Le cadre théorique retenu pour l’étude de la porosité des temps chez les cadres se propose d’aborder le phénomène à travers les multiples temporalités dans lesquelles évoluent les individus, leurs pratiques et les structures temporelles qui les entourent. Pour ce faire, nous cherchons à comprendre les motivations des cadres face au phénomène de la porosité des temps, leur vécu et le sens qu’ils donnent à leurs actions. Un positionnement épistémologique interprétativiste semble donc approprié à cet objectif.

Cette recherche vise à comprendre les pratiques et les structures temporelles qui rythment le travail et les autres temps de la vie, à partir des représentations que s’est font les individus. Le phénomène de la porosité des temps sera étudié au travers des pratiques, des motivations et vécus des cadres.

Nous adhérerons donc aux postulats de l’interprétativisme. En premier lieu, le réel existe, nous nous éloignons sur ce point du constructivisme radical, mais son essence même ne peut être atteinte. Le processus de création de la connaissance passe par la compréhension du sens que les individus donnent à la réalité (Thiétart et al. 1999). En second lieu, l’interprétativisme postule que l’objet de recherche n’est pas indépendant de celui qui l’étudie.

Dans une démarche interprétativiste, les critères de validité sont d’une part le caractère idiographique des recherches et d’autre part les capacités d’empathie que développe le chercheur (Thiétart et al. 1999). Le caractère idiographique de la recherche suppose que les phénomènes soient étudiés en situation. Le contexte (historique, temporel, etc.) est alors partie prenante de la compréhension du phénomène. Thiétart et al. (1999) ajoutent que la valeur de la recherche sera aussi mesurée au regard de sa dimension empathique, sa capacité à mettre à jour les faits et les interprétations qu’en font les acteurs.

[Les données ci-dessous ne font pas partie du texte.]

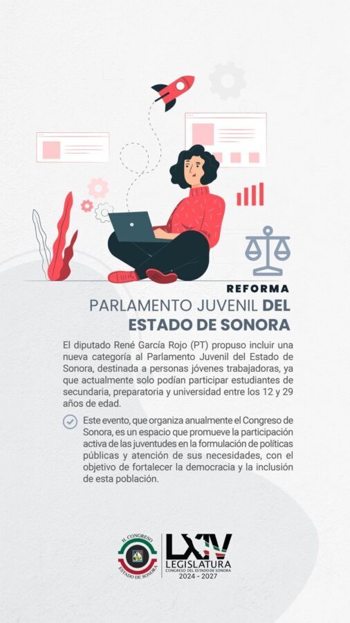 Hermosillo, Sonora; 22 de abril de 2025.- Con el propósito de fortalecer la inclusión y representatividad dentro del Parlamento Juvenil del Congreso de Sonora, el diputado René García Rojo (PT) presentó una iniciativa para adicionar una categoría dirigida específicamente a personas jóvenes trabajadoras. Indicó que la propuesta busca garantizar que la voz de este sector también sea escuchada y tomada en cuenta en los procesos legislativos.
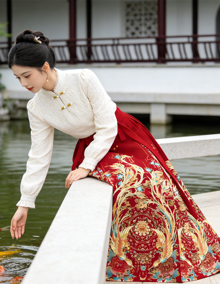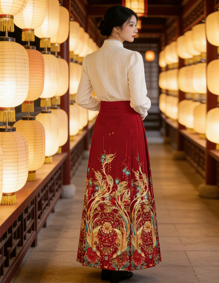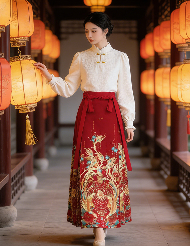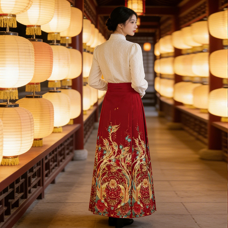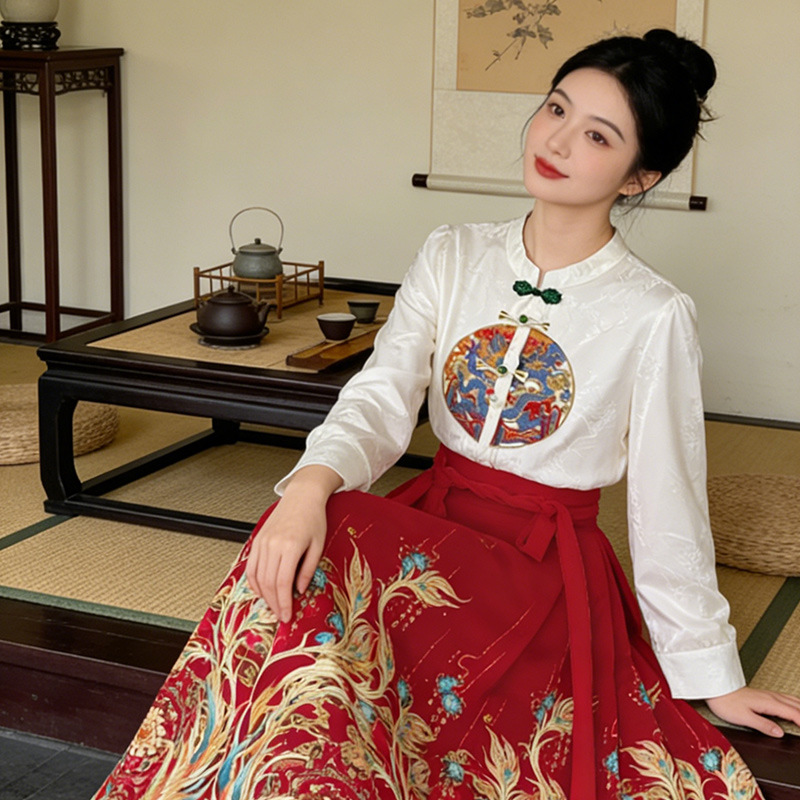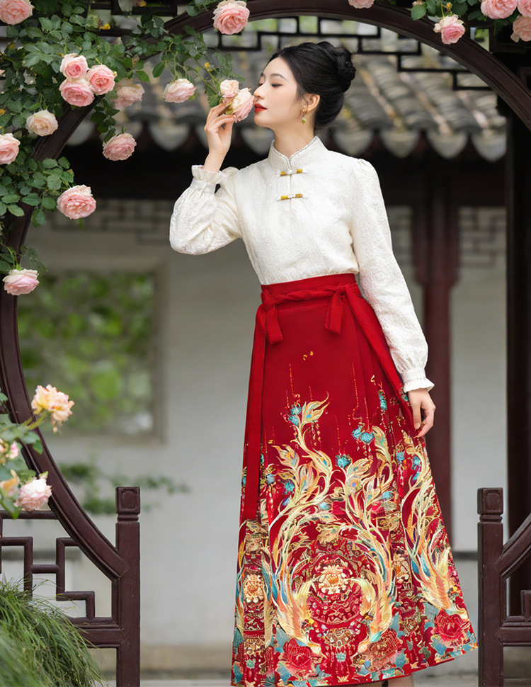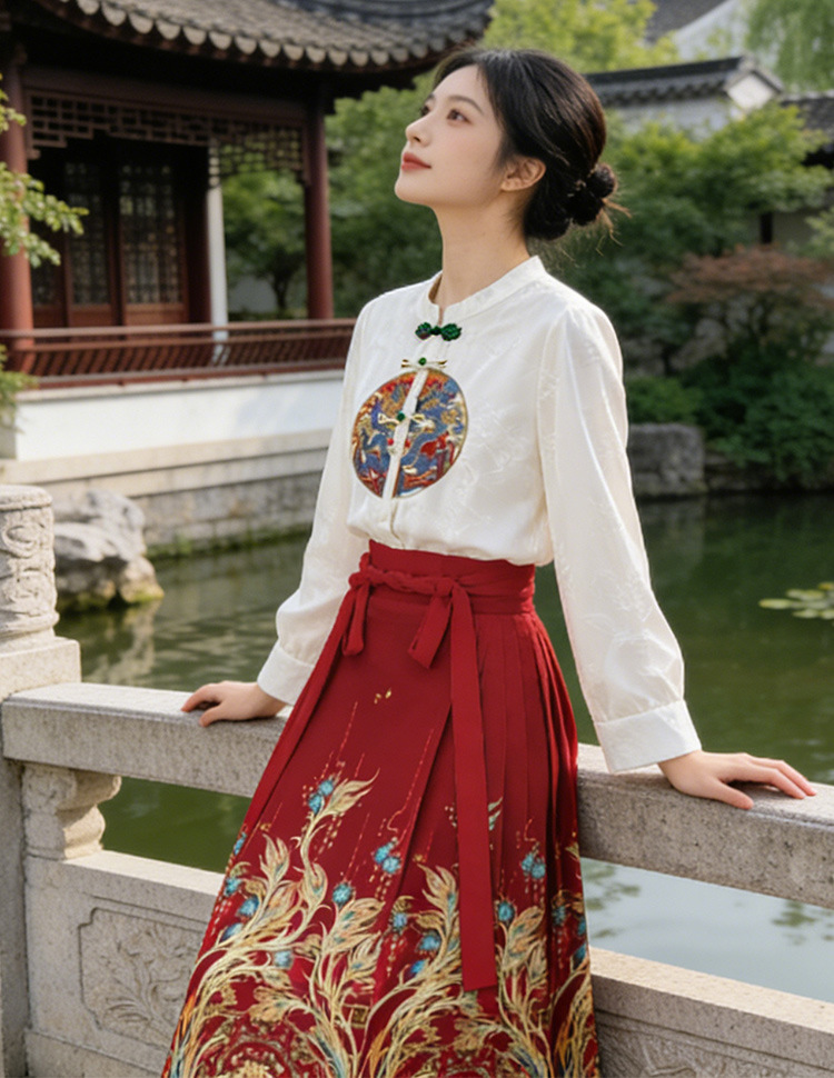 汉服马面裙套装女春夏季女大摆马面百褶长a字半身裙【双凤和鸣】
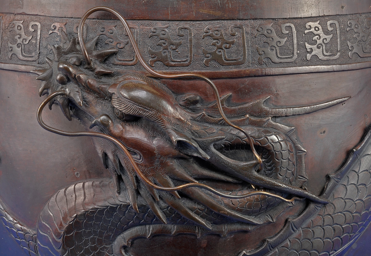 1479Großer Übertopf China, Ende 19. Jhdt. Bronze. Wandung mit umlaufendem Drachen. H 46 cm, Ø 50 cm 200 EUR |
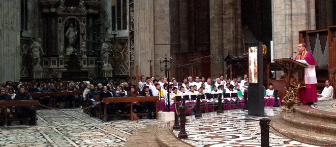 E così in Duomo – dopo la sempre bella elevazione musicale con le musiche di Mendelssohn e le Cinque Corali di Brahms, eseguita dal maestro Vianelli al grande Organo, e la lettura dei brani evangelici e delle testimonianze di Romano il Melode, di Olivier Clément, di Paul Claudel e di San Carlo – risuonano, scandite con una forza particolare, parole che vanno diritte al cuore.
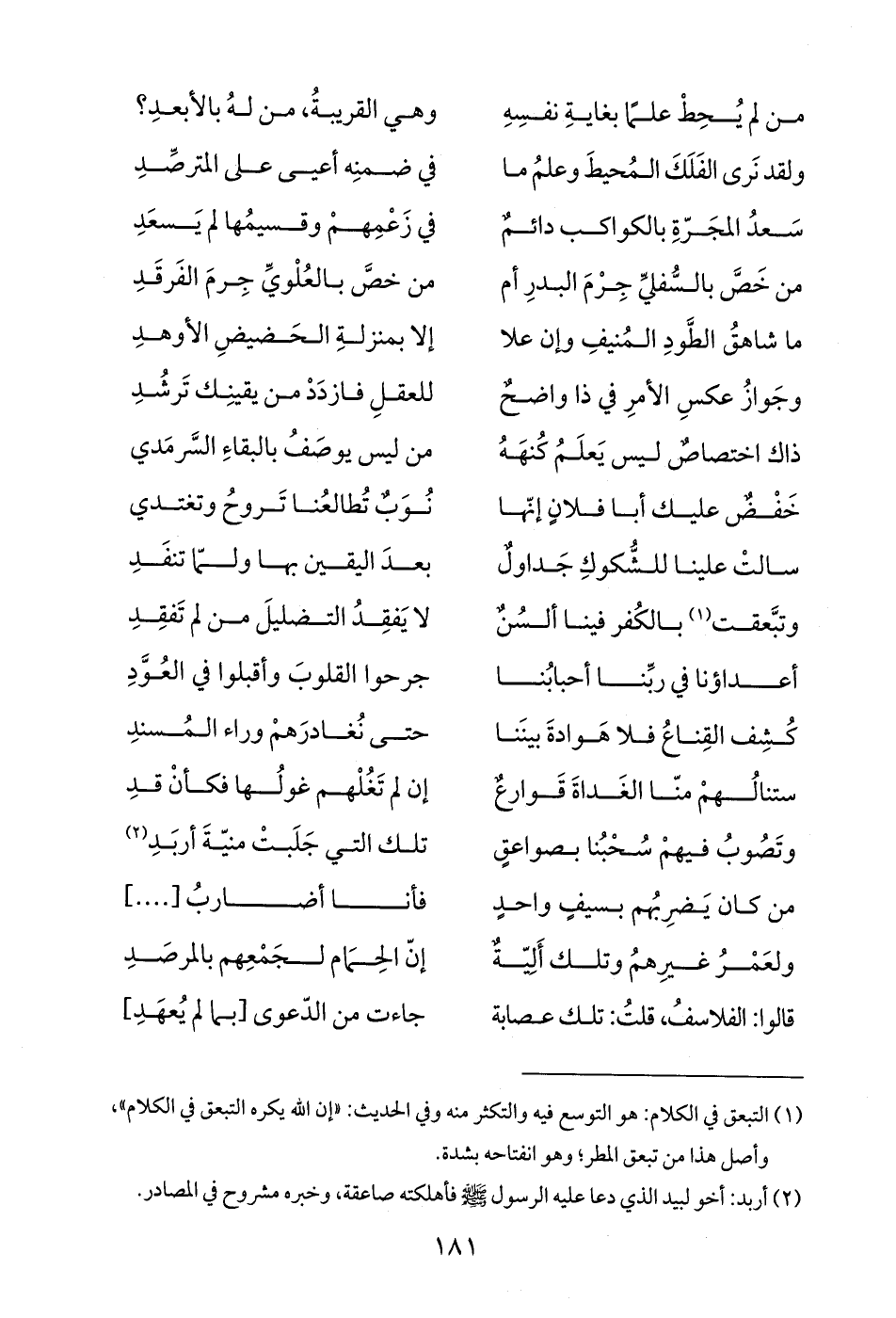 قالوا: الفلاسفُ، قلتُ: تلك عصابة ... جاءت من الدّعوى [بما لم يُعهَدِ]
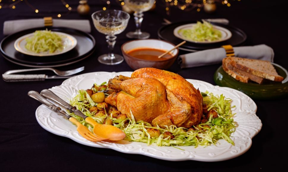 Poularde fermière rôtie, bisque de homard, salade de chou et pommes sautées

Selon Denzin (1984), ces critères de validité doivent être lus au regard des questions suivantes :

Est-ce que l’interprétation du chercheur est révélatrice de l’expérience vécue ? Est-elle enracinée historiquement et temporellement ?

L’interprétation proposée par le chercheur est-elle cohérente ?

L’interprétation produit-elle une compréhension de la réalité sociale étudiée ?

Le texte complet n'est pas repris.